Justifying separation of variables

Posted on by John

The separation of variables technique for solving partial differential equations looks like a magic trick the first time you see it. The lecturer, or author if you’re more self-taught, makes an audacious assumption, like pulling a rabbit out of a hat, and it works.

For example, you might first see the heat equation

ut = c² uxx.

The professor asks you to assume the solution has the form

u(x, t) = X(x) T(t).

i.e. the solution can be separated into the product of a function of x alone and a function of t alone.

Following that you might see Laplace’s equation on a rectangle

uxx + uyy = 0

with the analogous assumption that

u(x, y) = X(x) Y(y),

i.e. the product of a function of x alone and a function of y alone.

There are several possible responses to this assumption.

  1. Whatever you say, doc.
  2. How can you assume that?
  3. How do you know you’re not missing any possibilities?
  4. What made someone think to try this?

As with many things, separation of variables causes the most consternation for the moderately sophisticated students. The least sophisticated students are untroubled, and the most sophisticated student can supply their own justification (at least after the fact).

One response to question (2) is “Bear with me. I’ll show that this works.”

Another response would be “OK, how about assuming the solution is a sum of such functions. That’s a much larger space to look in. And besides, we are going to take sums of such solutions in a few minutes.” One could argue from functional analysis or approximation theory that the sums of separable functions are dense in reasonable space of functions [1].

This is a solid explanation, but it’s kind of anachronistic: most students see separation of variables long before they see functional analysis or approximation theory. But it would be a satisfying response for someone who is seeing all this for the second time. Maybe they were exposed to separation of variables as an undergraduate and now they’re taking a graduate course in PDEs. In an undergraduate class a professor could do a little foreshadowing, giving the students a taste of approximation theory.

Existence of solutions is easier to prove than uniqueness in this case because you can concretely construct a solution. This goes back to the “it works” justification. This argument deserves more respect than a sophomoric student might give it. Mathematics research is not nearly as deductive and mathematics education. You often have to make inspired guesses and then show that they work.

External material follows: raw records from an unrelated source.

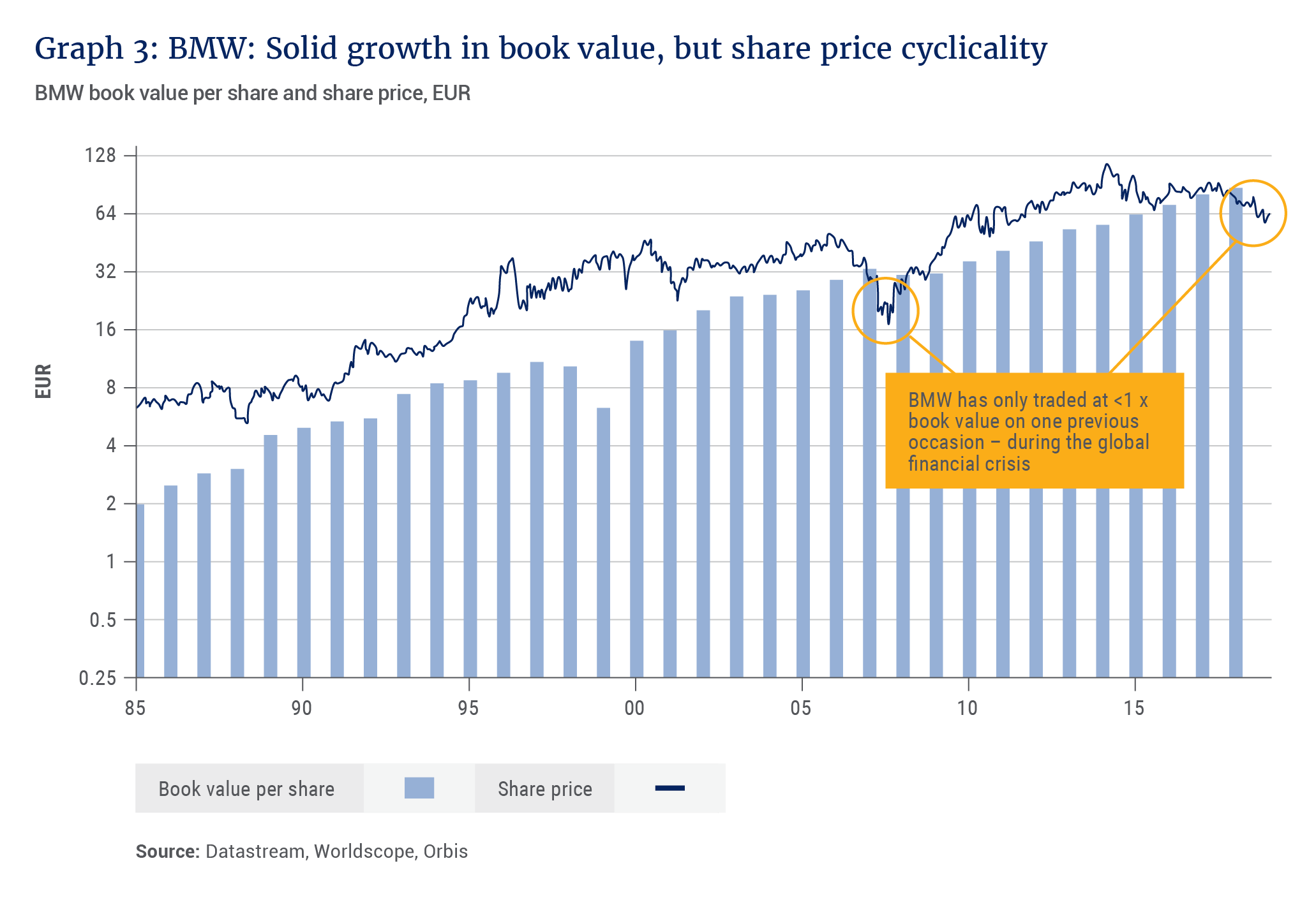 Yet due to industry pessimism, BMW today trades at just 0.8 times book value and six times depressed 2018 earnings, compared to 2.4 times and 21 times for the wider European market (see Graph 3). In any other sector, a luxury brand with a century-long pedigree and peer-leading financial returns would likely trade at a premium to the market. We believe a rerating to just 1.1 times book value, coupled with modest growth and a well-covered 5.5% dividend yield, could drive very attractive returns for BMW shares over our investment horizon.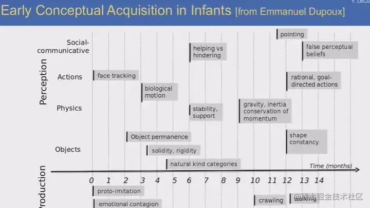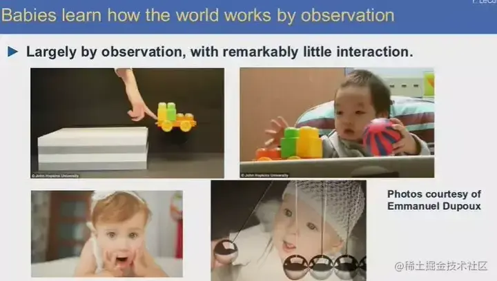 上图显示了婴儿学习早期概念和语言的过程。婴儿基本上是通过观察学习这个世界的,但其中也有一小部分是通过交流。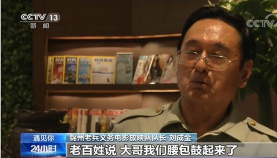 锦州老兵义务电影放映队队长 刘成金:老百姓真正得到收入了,腰包鼓起来了。老百姓说,大哥啊,我们腰包鼓起来了,多亏你放的片,我们离不了你们啊。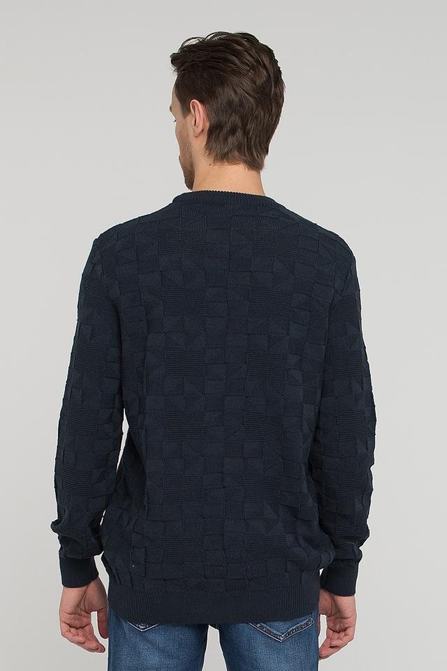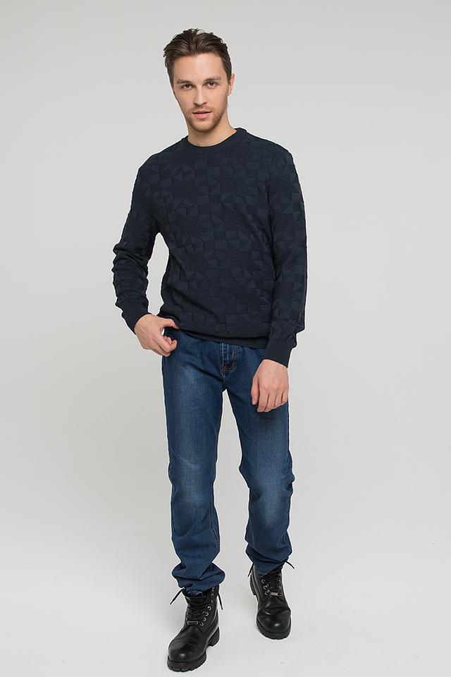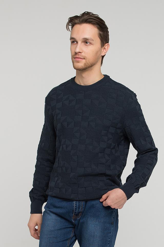 Мужской джемпер VAY тёмно-синего цвета с геометрическим узором. Изготовлен из сочетания хлопка и шерсти, обеспечивая комфорт и тепло. Классический крой и стильный дизайн делают его универсальным элементом гардероба. Состав: пан 70%, шерсть 30%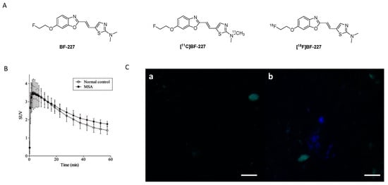 (A) Chemical structures of BF-227, [11C]BF-227 and [18F]BF-227. (B) TACs of [11C]BF-227 in putamen in normal controls and MSA patients (Reprinted with permission from [100]. Copyright 2010 Oxford University Press). (C) Fluorescence detection of BF-227 (at 100 µM) using MSA brain sections. (a) Tissue autofluorescence (in green) that is imaged prior to BF-227. (b) BF-227 labeling (in blue) of few inclusions. Microscopic examination under DAPI (blue, exposure 500 ms) and FITC (green, exposure 100 ms) filters (adapted from [101]).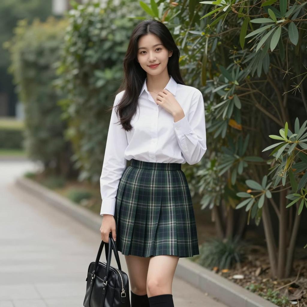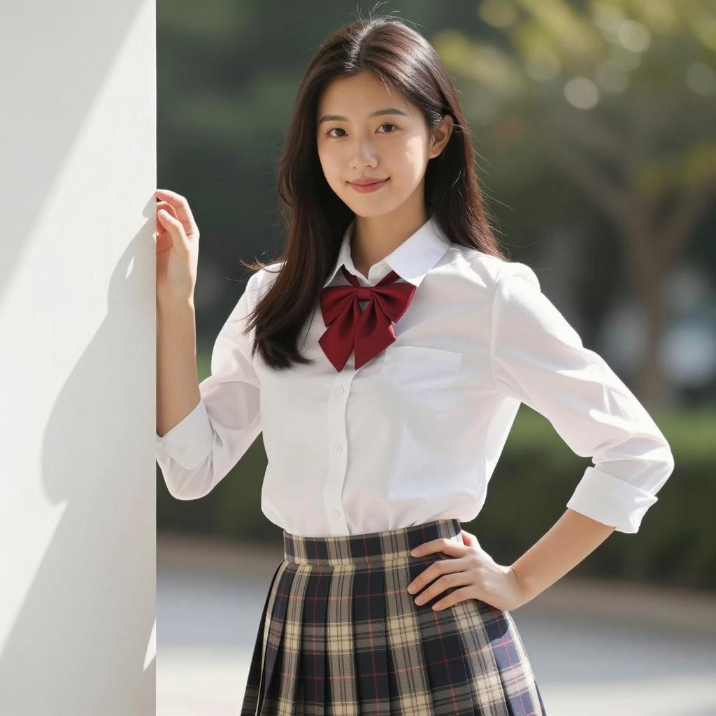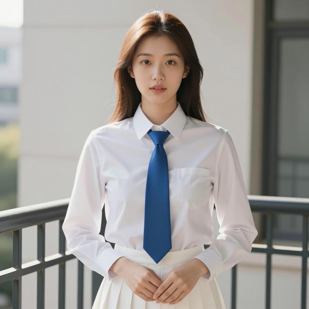 Portrait of an Asian woman with straight brown hair wearing a navy blue blazer with rolled-up sleeves, a white shirt, a red and white striped tie, and a grey pinstripe skirt. She stands confidently with her hands in her jacket pockets in front of a glass window with urban buildings blurred in the background. She has a neutral facial expression.

Addressing question (3) requires saying something about uniqueness. A professor could simply assert that there are uniqueness theorems that allow you to go from “I’ve found something that works” to “and so it must be the only thing that works.” Or one could sketch a uniqueness theorem. For example, you might apply a maximum principle to show that the difference between any two solutions is zero.

Question (4) is in some sense the most interesting question. It’s not a mathematical question per se but a question about how people do mathematics. I don’t know what was going through the mind of the first person to try separation of variables, or even who this person was. But a plausible line of thinking is that ordinary differential equations are easier than partial differential equations. How might you reduce a PDE to an ODE? Well, if the solution could be factored into functions of one variable, …

The next post will illustrate using separation of variables by solving the wave equation on a disk.

Related posts

[1] Also, there’s the mind-blowing Kolmogorov-Arnol’d theorem. This theorem says any continuous function of several variables can be written as a sum of continuous separable functions. It doesn’t say you can make the functions in your sum smooth, but it suggests that sums of separable functions are more expressive than you might have imagined.